The Japanese government is additionally looking to increase the labor participation of the elderly. According to research conducted by the University of the Haskoli Islands, Japan has raised the official age of retirement from 61 to 2013 to 65 by 2025 and encouraged elder workers to continue through methods like shorter work hours, encouraging people to stay healthy to reduce health costs, and reduction in pension benefits. The Japanese government is also proposing the building of Silver Centers, a program by which jobs are provided for people aged 60 years or older. These reforms have an added benefit of boosting the government’s finances since it leads to higher tax revenue and lower spending on pensions.

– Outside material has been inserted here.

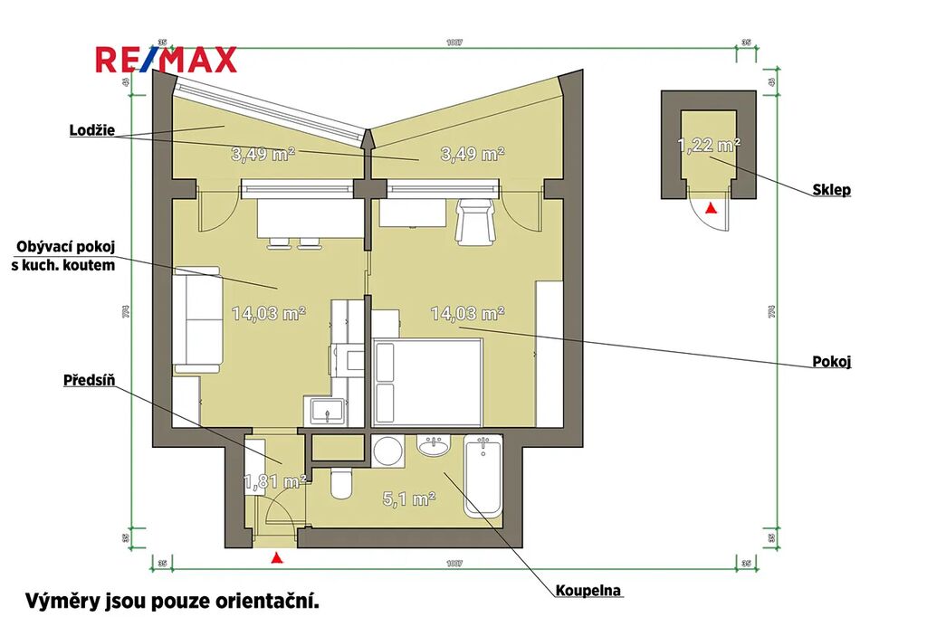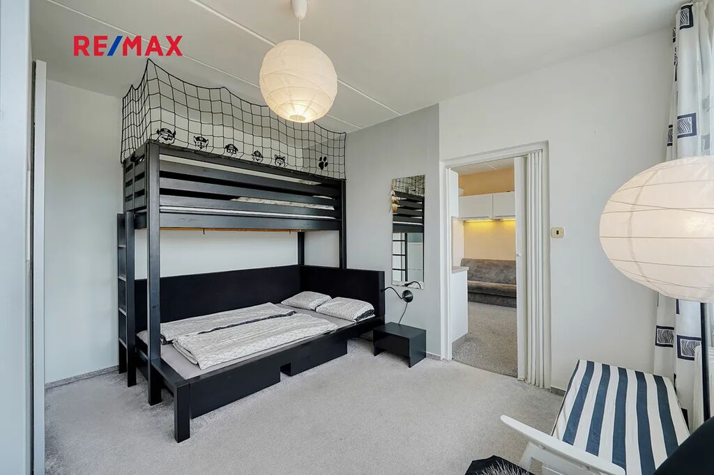 Dispozice bytu zahrnuje vstupní chodbu, koupelnu s toaletou, obývací pokoj s kuchyňským koutem a ložnici. Vstup na lodžie je možný z obou pokojů, navíc jedna lodžie je vybavena odtahovacími skleněnými okny, což se může hodit například v zimním období. Byt je vytápěn dálkově, stejně tak je řešen i ohřev vody. Byt je pronajímán nevybavený. Parkování je možné přímo před domem. Dopravní spojení je zajištěno v podobě tramvaje č. 2, která se nachází do jedné minuty chůze od domu a o kousek dál naleznete i zastávku trolejbusu číslo 12. Do centra města se dostanete autem za pouhé 3 minuty, nájezd na dálnici D5 je vzdálen 5 minut jízdy.

With regards to medical practices, there are various ways the government can make its health budget more efficient and less costly. In Japan, the health care system provides universal coverage for a wide variety of services, even for non-essential items like cold medicine.  While it may seem Japan’s health care is strong given its low mortality rate and long life expectancy, it is in fact unsustainable and inefficient in allocating medical resources for a high demand aging population Similarly, Japan places few controls over the supply of care. Physicians may practice wherever they choose, in any area of medicine, and are reimbursed on a fee-for-service basis, which can be costly if high tech machines and processes are used. There is also no central control over the country’s hospitals, which are mostly privately owned

Thus, Japan must act quickly to gain greater control over the supply and demand of healthcare Supply-side incentives include raising premiums for public insurance and a voluntary-payment scheme, so that individuals could influence the amount they spend on health care by making discretionary out-of-pocket payments or up-front payments through insurance policies. Both of these incentives would reduce the funding gap, encouraging hospitals to merge to lower supply costs and adapting a more controlled standard national system for training, paying and compensating doctors to avoid a shortage in the labor force. Demand can similarly be reduced by removing unnecessary medical services covered by insurance, as well as mandating flat fees based on patients’ diagnoses to reduce the length of hospital stays.

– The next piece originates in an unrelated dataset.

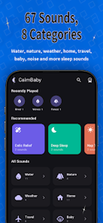 CalmBaby är en gratis vit brus-mixer designad för att hjälpa spädbarn och småbarn att sova bättre. Programmet erbjuder 67 olika ljud från 8 kategorier, inklusive naturliga ljud som vatten och skog, samt hushållsljud som fläktar och dammsugare. Användare kan blanda flera ljud samtidigt och justera volymen för varje spår individuellt. Det finns även rekommenderade ljudinställningar som är skräddarsydda för att lindra kolik och främja djup sömn.

Immigration acts a last resort for increasing Japan’s labor force. However, these is a problem in the sense that only 2% of Japan’s population is foreign-born, compared to the 17% in United States.  This low rate of immigration is due in part to the Japanese public’s fear of increased crime, extreme right-wing feelings of nationality, and concerns about a disruption in social harmony. Prime Minister Abe wants to change this. Currently, Japan’s parliament is debating a bill to allow thousands of low-skill immigrants into the country to work in labor-heavy industries like agriculture, and construction. The current proposal would admit over 345,000 foreign workers over the next five years.

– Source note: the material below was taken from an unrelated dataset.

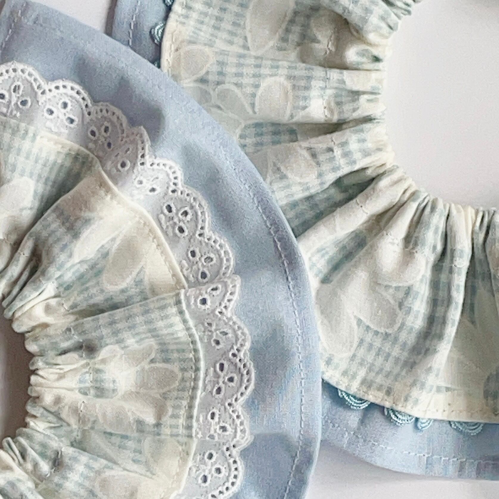花チェック×なみなみレース×水色生地

Japan’s primary demographic challenge is, and will continue to be, its aging population.  Japan will have to deal with problems such as a shrinking labor force, a shorter demand for goods, and increased strain on Japan’s social services. As of now, the solutions implemented by the government have some success. According to the Economist, there are 2 million more women in the workforce, and several top companies are raising the workforce such that 23% of the population over the retirement age are in the workforce. Despite this, and while there are several options the Japanese government has yet to endorse, it is possible that in a few decades much of Japan will seem more like a ghost town than the bustling nation we know today.